Sensitivity pattern of Ralstonia mannitolilytica.

Sensitive to	MIC	Intermediate sensitivity to	MIC
Cefepime	≤1	Ceftazidime	16
Ciprofloxacin	≤0.25	Imipenem	8
Levofloxacin	≤0.12	Resistant to	MIC
Minocycline	≤1	Amikacin	≥64
Tigecycline	≤0.5	Gentamicin	≥16
Co- trimoxazole	≤20	Meropenem	≥16
Cefoperazone/Sulbactam	≤8	Piperacillin/Tazobactam	≥128

Quinolones though effective, are known to have short-term reversible musculoskeletal side effects, QT prolongation, hepatotoxicity and dysglycemia in neonates. ⁶ We opted for co-trimoxazole because of our previous experience.^2,4 R. mannitolilytica has been isolated from vapour transfer cartridges of Vapotherm machines, ² but we were unable to trace its source. There were no positive cases after these four neonates.

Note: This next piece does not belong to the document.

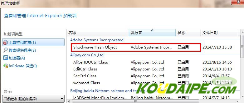 第三步:在“管理加载项”里启用“Shockwave Flash Object”,如图3:

In summary, Ralstonia spp. are emerging opportunistic multidrug resistant organisms known to have a favourable outcome when treated with appropriate antibiotics. Even after all efforts to identify contaminated source responsible for outbreak, it may not be possible to identify the source of this organism.